Wednesday, December 26, 2007

Celestial Pawnee


Celestial Pawnee by Deirdre Kelleghan

The Pawnee were a North American Plains Indian tribe. They lived along the Platte, Loup and Republican rivers in Nebraska from the sixteenth to the nineteenth century.

The name Pawnee comes from the native word Pariki meaning “Horn” which referred to their typical hairstyle. The Pawnee were a proud people with a strong sense of identity. Their description of themselves is Chatick - si - Chaticks, which means “Men of Men”. Indeed this title is very apt as the Pawnee were very often the scouts leading the Calvary across lands to which they had key knowledge. The Pawnee familiarity with the night sky gave them a unique edge when travelling by night. They were also known as the “Wolf People” cloaking themselves in the mantel of a wolfs cunning and courage.

The Pawnee had several distinct groups and of these the Skidi Pawnee or the Wolf Pawnee were considered some of the best astronomers of the Native American tribes. Centuries ago the Pawnee observed the stars passing over the smoke holes of their lodges and tee pees.

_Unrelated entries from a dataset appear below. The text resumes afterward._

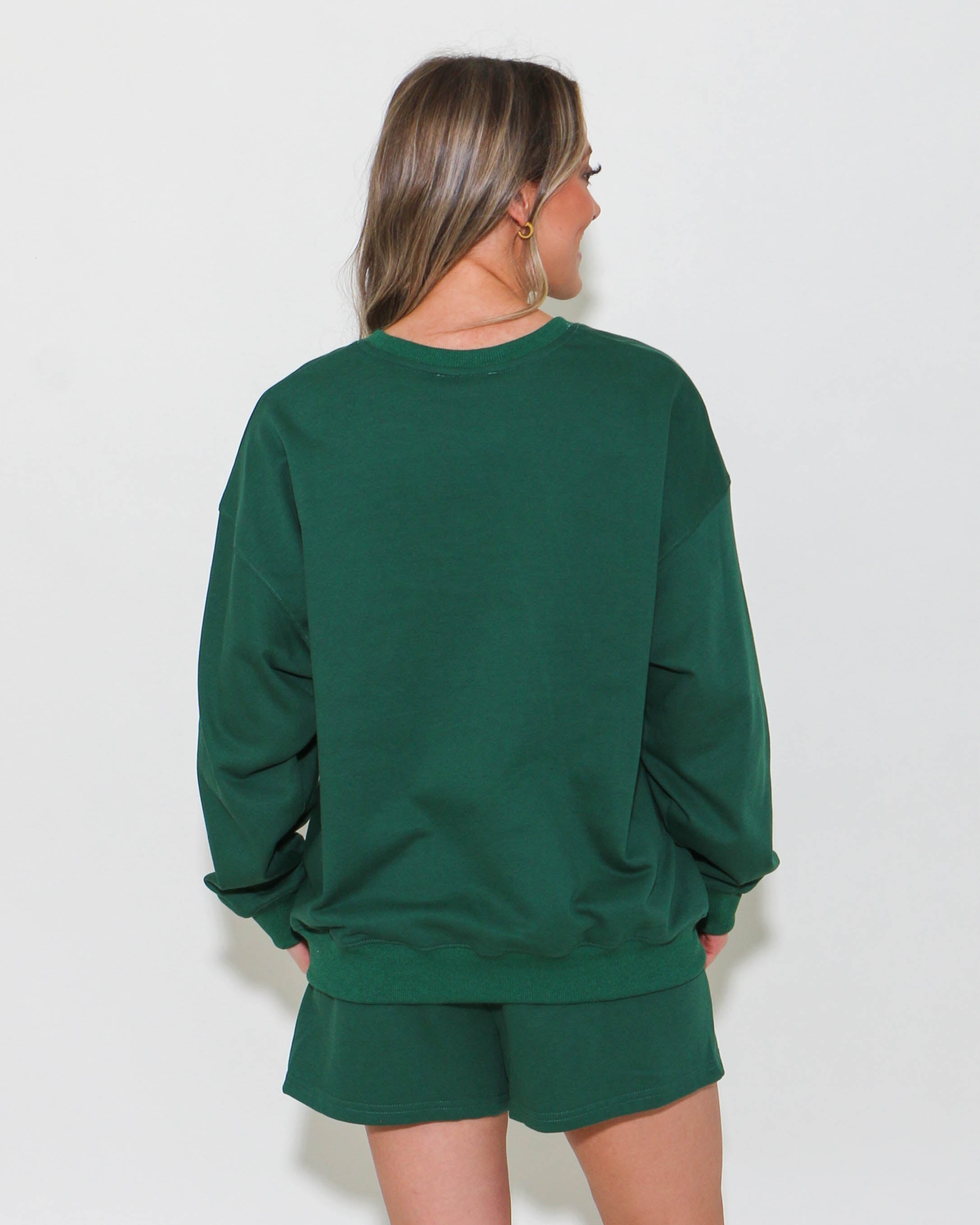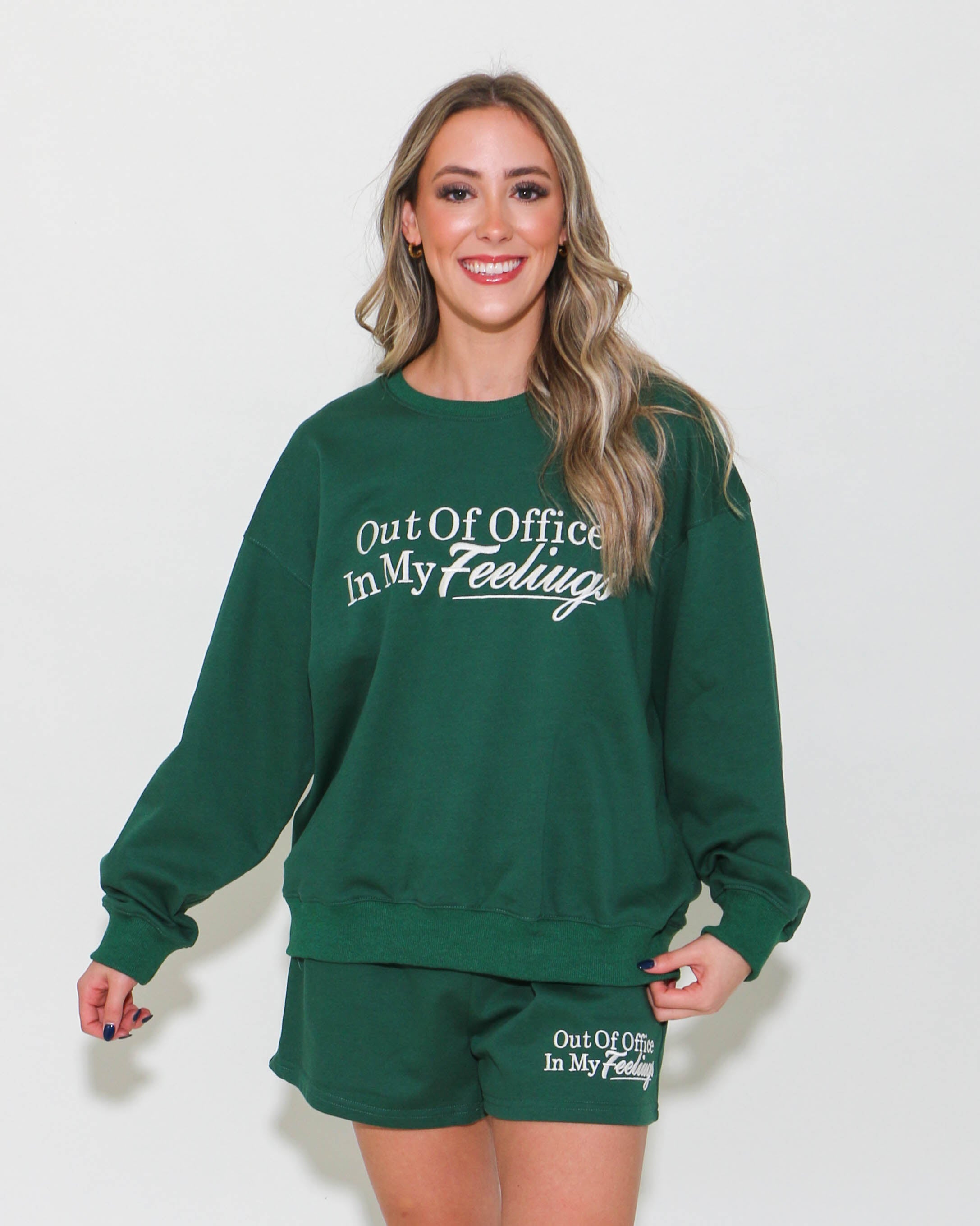 Upgrade your casual wardrobe with our green "Out of Office" Round Neck Long Sleeve Sweatshirt. This cozy sweatshirt features a classic round neckline and long sleeves, ensuring both comfort and style. The "Out of Office" embroidery adds a fun and playful touch, perfect for relaxing days and casual outings. Made from soft, high-quality fabric, this sweatshirt promises warmth and comfort throughout the day. Ideal for pairing with jeans, leggings, or our matching sweat shorts, it’s a versatile addition to any wardrobe.
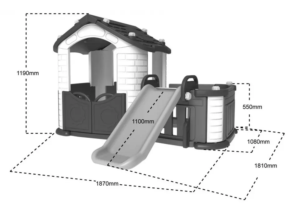 wysokość domku 119 cm, długość całkowita 187 cm, szerokość domku 108 cm, szerokość ze zjeżdżalnią 181 cm, rozmiary ślizgu zjeżdżalni 110 x 38 cm, wysokość płotka 55 cm, rozmiar okien 50 x 40 cm, wymiary wewnętrzne ogródka 70 x 95 cm, rozmiary wejścia 50 x 97 cm, waga domku 24 kg, wymiary opakowania 135x48,5x72,5 waga 27,5kg
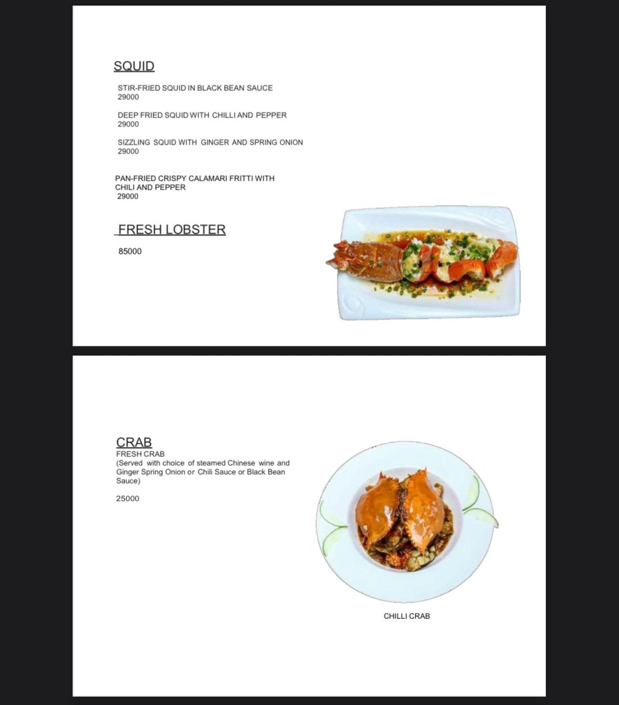 The food menu is extensive — 17 categories with at least two dishes per category. I couldn’t capture everything, but trust me, the options go on and on. There’s also a separate dim sum menu packed with choices (yum!).
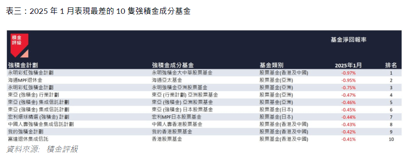 ▲2025年1月表現最差10只強積金成分基金
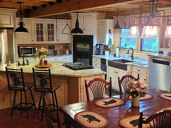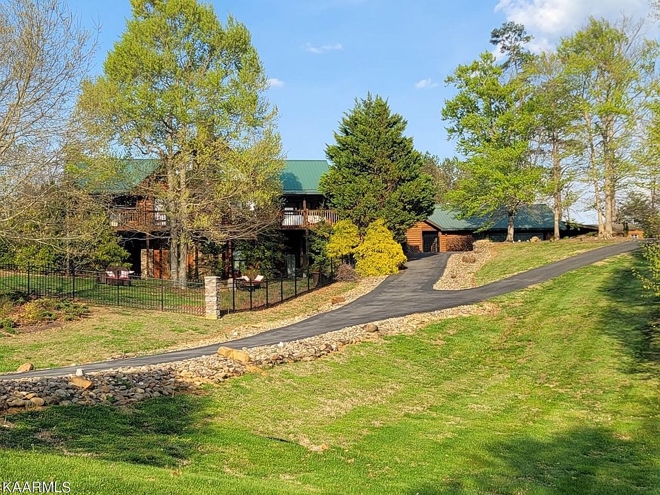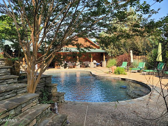 Enjoy the solitude and park-like setting of this beautiful 3BR, 3BA luxury full-log home on 2.44 landscaped and wooded acres located in a quiet country neighborhood. The main floor of the home boasts a high-end kitchen; luxurious living area with cathedral ceiling, gas fireplace, and patio doors leading to the deck; two bedrooms (master bedroom/bath); den/office; and loft. The fully finished walkout basement features a spacious great room, bedroom, office, bath, rec room with pool table, large laundry room, plenty of storage, and doors leading to patio and hot tub. Several bonus room allow plenty of space of extra guests. A large deck runs along the front of the house, and a screened deck runs the length of the back of the house. Looking for a place for large family or group gatherings? This property features an additional building housing a 25x30 heated & cooled party room with appliances and wood burning fireplace, full bath, pool changing room (yes, there is a gorgeous heated salt-water pool with slide and waterfall!), and 2-car garage. The acreage has mature trees as well as ornamentals and perennials. All this and a mountain view! Relax, entertain, get away from it all! This property truly does check all the boxes! (Most furniture and some furnishings available, not included in list price.) As with all Real Estate transactions, Buyer(s) should verify all information independently including HOA info and Square Footage, Buy title insurance, have a survey, home inspection, and all other needed inspections. Equal housing opportunity. Most information from Tax records and not verified by listing agent/Company. Sq footage is approximate and includes party room and pool changing area/bath.
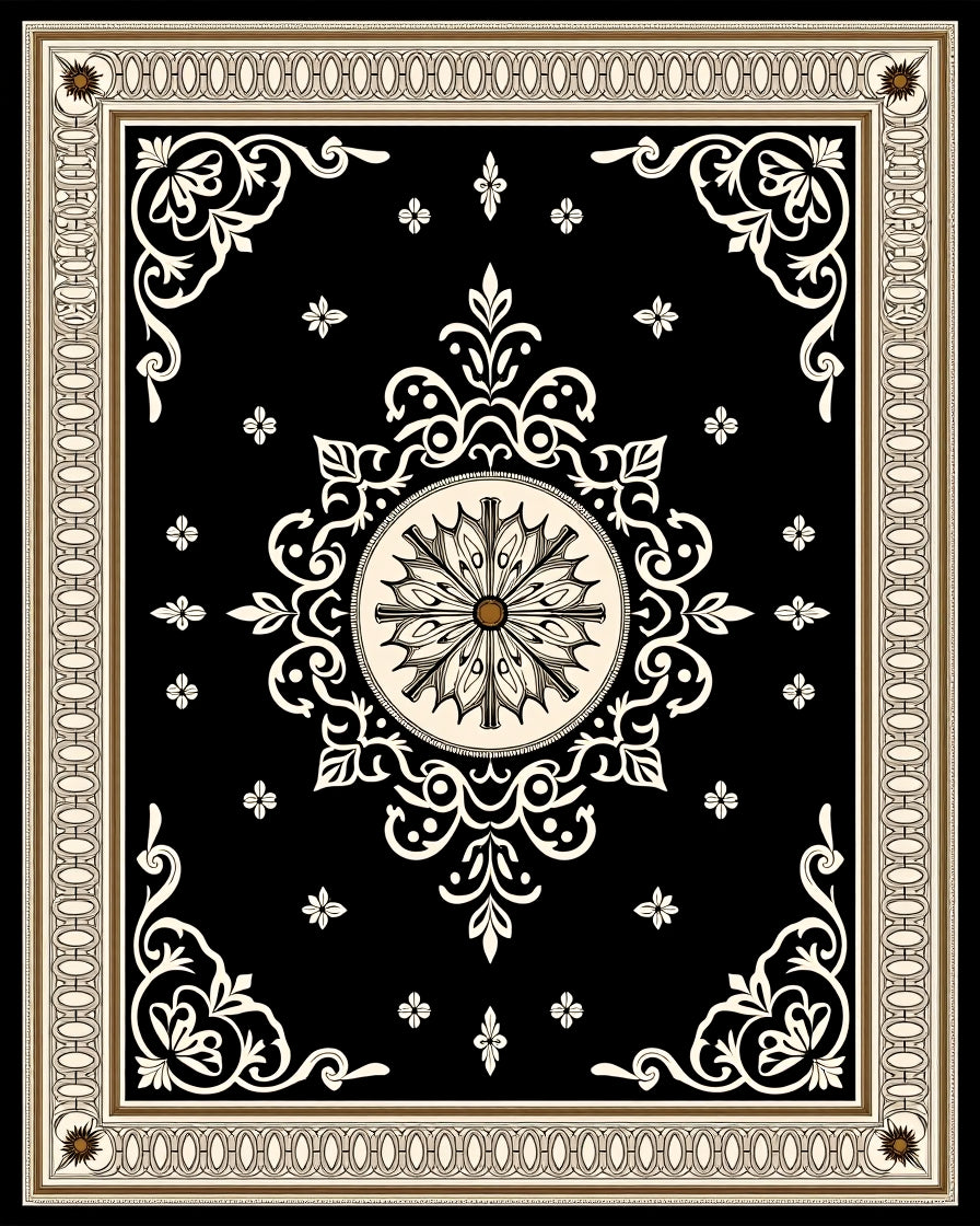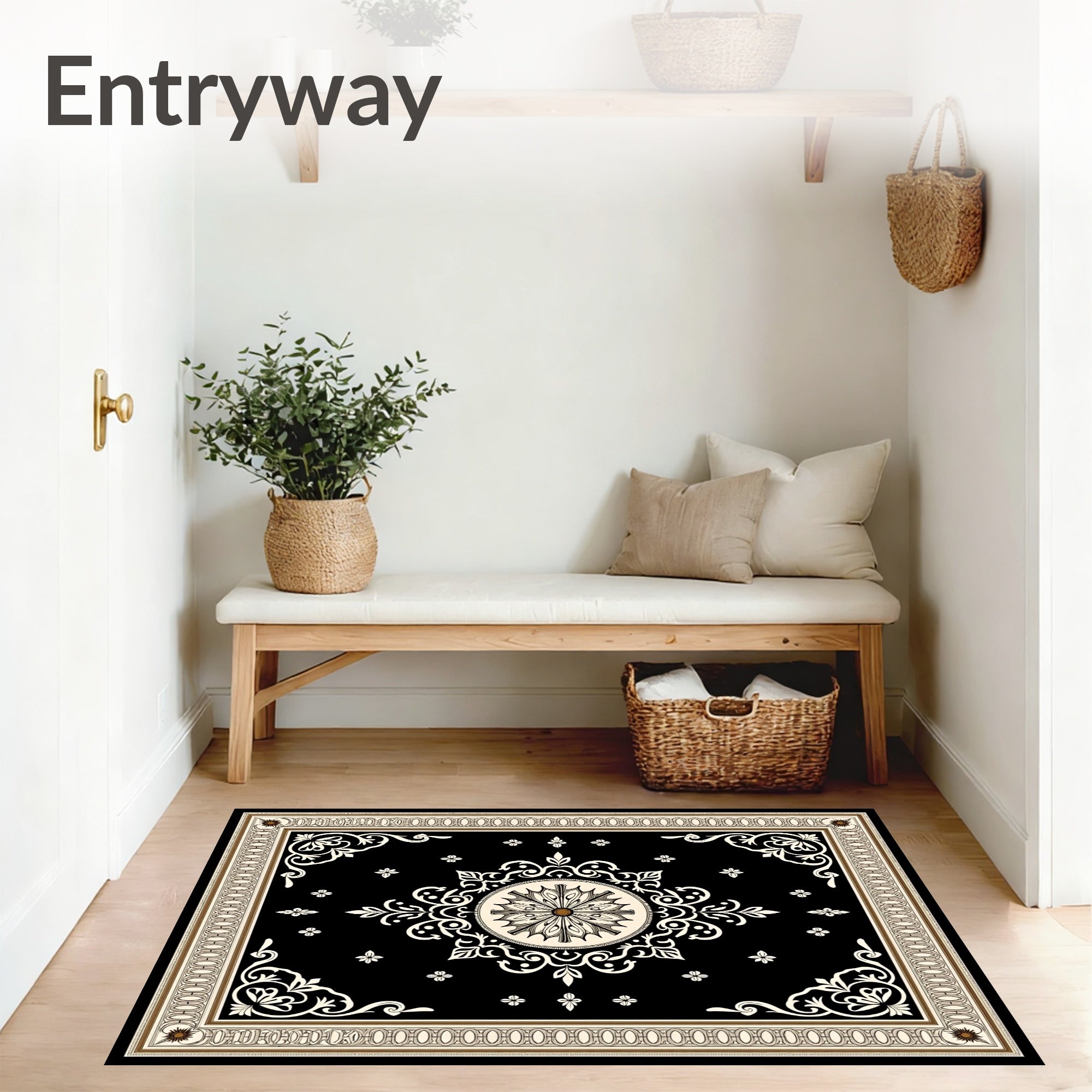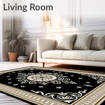 Ultra Soft Area Rug, Non Slip, Stain Resistant, Washable Area Rugs for Living Room, Bedroom, Artisan Medallion Tapestry with Baroque Flourish Motifs(Black) Overview:
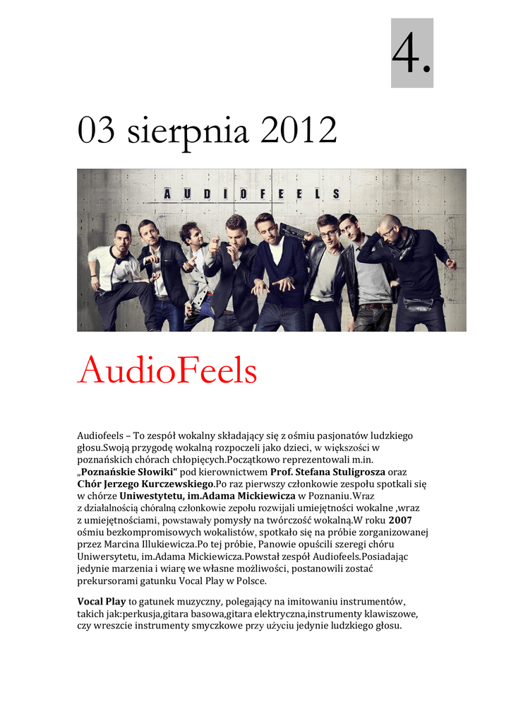 4. 03 sierpnia 2012 AudioFeels Audiofeels – To zespół wokalny składający się z ośmiu pasjonatów ludzkiego głosu.Swoją przygodę wokalną rozpoczeli jako dzieci, w większości w poznańskich chórach chłopięcych.Początkowo reprezentowali m.in. „Poznańskie Słowiki“ pod kierownictwem Prof. Stefana Stuligrosza oraz Chór Jerzego Kurczewskiego.Po raz pierwszy członkowie zespołu spotkali się w chórze Uniwestytetu, im.Adama Mickiewicza w Poznaniu.Wraz z działalnością chóralną członkowie zepołu rozwijali umiejętności wokalne ,wraz z umiejętnościami, powstawały pomysły na twórczość wokalną.W roku 2007 ośmiu bezkompromisowych wokalistów, spotkało się na próbie zorganizowanej przez Marcina Illukiewicza.Po tej próbie, Panowie opuścili szeregi chóru Uniwersytetu, im.Adama Mickiewicza.Powstał zespół Audiofeels.Posiadając jedynie marzenia i wiarę we własne możliwości, postanowili zostać prekursorami gatunku Vocal Play w Polsce. Vocal Play to gatunek muzyczny, polegający na imitowaniu instrumentów, takich jak:perkusja,gitara basowa,gitara elektryczna,instrumenty klawiszowe, czy wreszcie instrumenty smyczkowe przy użyciu jedynie ludzkiego głosu. Rok 2008 Na rynku pojawia się nowy program telewizyjny o nazwie MAM TALENT emitowany w telewizji TVN.Oglądalność sięga 6 mln widzów, i to właśnie występ podczas tego programu okazał się dla zespołu ogromnym komercyjnym sukcesem.Zespół zajął III miejsce występując, w finałowym odcinku programu MAM TALENT.W roku 2008 nastąpił przełom muzyki wokalnej na polskim rynku muzycznym.Vocal Play stał się nowym gatunkiem muzycznym.W Polsce, zapoczątkowanym przez zespół Audiofeels.Marzenia stają się rzeczywistością... Rok 2009 •Status złotej płyty za DEBIUTANCKI album AUDIOFEELS UNCOVERD wydanej nakładem Penguin Records. •Gościnny występ na płycie Caffe Fogg z utworem Mieczysława Fogga „Ja mam czas ja poczekam“ •Trasa koncertowa,jesień 2009 promująca album Uncovered (Teatry,Filharmonie,Opery w całej Polsce) . Rok 2010 •Nominacja w kategorii „ZESPÓŁ ROKU“ oraz występ na 47 KRAJOWYM FETIWALU PIOSENKI POLSKIEJ W OPOLU. •Nominacja do muzycznej nagrody FRYDERYKI w kategorii: „NOWA TWARZ FONOGRAFII“ •Występ podczas pierwszego losowania grup eliminacyjnych do EURO 2012 (emisja w 100 krajach na całym świecie) •Trasa koncertowa „PURE VOCAL PLAY. AT PURE ARTISTIC VENUE” (Teatry,Filharmonie,Opery w całej Polsce) Rok 2011 •Dwa wyróżnienia na konkursie podczas INTERNATINAL A CAPPELLA FESTIVAL IN LEIPZIG w czerwcu 2011.Najwyższe wyróżnienie oraz nagroda publiczności. •Drugia płyta AUDIOFEELS UNFINISHED wydana nakładem Mystic Production. Rok 2012 •Wygrana na festiwalu Sweepsteakes Harmony w Nowym Jorku . Nagranie koncertu DVD w Teatrze Wielkim, im.Stanisława Moniuszki w Pozaniu.Planowana data wydania albumu DVD,Październik 2012. •Pierwszy autorski koncert zespołu w Lipsku w klubie VERK II/Kulturfabrik jako zwycięzca festiwalu INTERNATIONAL A CAPPELLA FESTIVAL IN LEIPZIG 2011. •Zaproszenie na największy festiwal w europie. Polyfollia A cappella Festival, jako gwiazda Festiwalu. Zespół Audiofeels koncertuje,tworzy nowe aranżacje i wciąż się rozwija.Praca oraz nieustająca pasja, pozwala zespołowi Audiofeels osiągać dalsze sukcesy.Każdy koncert prezentuje nieodkryte dotąd możliwości ludzkiego głosu.Dowodem tego są nagrody i zaproszenia na koncerty w Polsce oraz poza granicami. Skład zespołu Audiofeels Marcin "Illuk" Illukiewicz – wokal (tenor II) jako klawisze, wiolonczela, puzon, trąbka Bartek "Źrebak" Lehmann – wokal (tenor I i kontratenor) jako smyki, klawisze, gitara, trąbka Michał "Szajek" Szajkowski – wokal (baryton, tenor) jako smyki, klawisze, gitara Michał "Stecu" Stec – wokal jako wiolonczela, gitara basowa i elektryczna oraz trąbka Jarosław "Karas" Weidner – wokal (baryton) jako skrzypce, gitara elektryczna, klawisze, trąbka; aranżer piosenek wykonywanych przez zespół Marek "Maro" Lewandowski – wokal (baryton) jako gitary, smyki; aranżer piosenek wykonywanych przez zespół; reżyser dźwięku Patryk "Cypis" Ignaczak – wokal (bas) jako gitara basowa i kontrabas Bartek "Kitek" Michalak – wokal, instrumenty perkusyjne, efekty specjalne Zapraszamy na oficjalne strony zespołu Audiofeels. FACEBOOK http://www.facebook.com/audiofeels OFICJALNA STRONA ZESPOŁU http://www.audiofeels.pl/ KANAŁ YOU TUBE http://www.youtube.com/user/AudioFeels

In the autumn when they noticed the Pleiades shining through the smoke holes at midnight, they knew the winter solstice was only one month away. Six months later they observed the Circle of Chiefs or Corona Borealis above the smoke holes at midnight; it was one month from the longest day or summer solstice.

Corona Borealis is an important constellation in the mythical past of nearly all the tribes of the plains. The Pawnee believed the Circle of Chiefs were the guardians of the Tirawaatius.

Tirawa Atius (atius = "lord") was the great god, he created everything and catered to the needs of every living thing. Known to us as the Milky Way, Tirawa Atius created the Path of the Departing Spirits.
The Pawnee chiefs painted their faces with blue lines representing the arc of heaven and the path of decent. They wore feather-down on their heads, a symbol of celestial life. The members of this group of chiefs did not dance or sing; they talk quietly and tried to be like the stars.

The Pawnee made sky charts from elk skin. These sky charts were kept in sacred bundles. Every household had a sacred bundle, which they believed were gifts from the stars. These powerful bundles are referenced as sometimes containing meteorites wrapped in animal skin star charts. The sacred bundles were only brought out to great ceremony when the Swimming Duck Cluster was rising in the morning sky.

Sacred bundles were a powerful part of Pawnee ceremonies linked to planting and harvesting. They contained tools necessary to those ceremonies, and the rituals and ceremonies associated with them were passed from generation to generation along with the bundles. Bundles were owned by women and inherited through the female line, but could be used by men only. To open or use a bundle without the proper ritual and ceremony invited disaster.

The Pawnee did not have a solar calendar of a lunar calendar; they marked their year purely with the observance of the stars. They had more star ceremonies and rituals than any other tribe. Their lodges were laid out in patterns, which mimicked the patterns of the constellations.

Their observations of the stars helped them to know when to plant and harvest crops and to know when to hunt bison.

These interesting people had a deep association with the cosmos.

The Pawnee were a matrilineal people, ancestral descent was through the mother and a young couple would traditionally move into the bride's parents' lodge.

Women and men were politically active with both sharing decision making responsibilities.

They viewed themselves as descendants of the stars. The believed Mars – The Red Morning Star Warrior and Venus – The White Star Woman mated and had a daughter from which the human race descended. So according to the Pawnee the first human was a woman. Furthermore they believed that the sun and the moon mated to create the first male child. The image created by the whole of the star patterns in the night sky was they believed the image of a wild bobcat. The wild bobcat with its spotted skin and its nocturnal habits represents the night sky and all the stars therein.

Newborn Pawnee children were wrapped in bobcat skin thereby they were considered to be wrapped in and protected by the heavens.

The Pleiades star cluster was worshiped by these earthbound tribal peoples.

Look as they rise, up rise

Over the line where sky meets earth

Seven Stars!

Lo! They are ascending, come to guide us.

Leading us safely, keeping us one.

Oh, Seven Stars,

Teach us to be, like you, united

The Pawnee people saw the United States as allies against their traditional enemies the Sioux, Cheyenne, and Comanche’s. The Pawnee gained fame as scouts for the United States Army, and a battalion of them served from 1865 to 1885 within the army on the Plains. Working for the US Cavalry as scouts was better than facing the ignominy of reservation life and the inevitable loss of their freedom and culture.

In the late 18th century the Pawnee Nation numbered some 10,000 individuals but in the 19th century
epidemics of both smallpox and cholera were responsible for wiping out most of these earthy people.

By the end of 1900 only 600 were left alive. Today records indicate that they are building up their numbers and up to 5,500 twenty first century Pawnees carry on their nation’s spirit. Today's Pawnees meet biannually and celebrate their rich culture.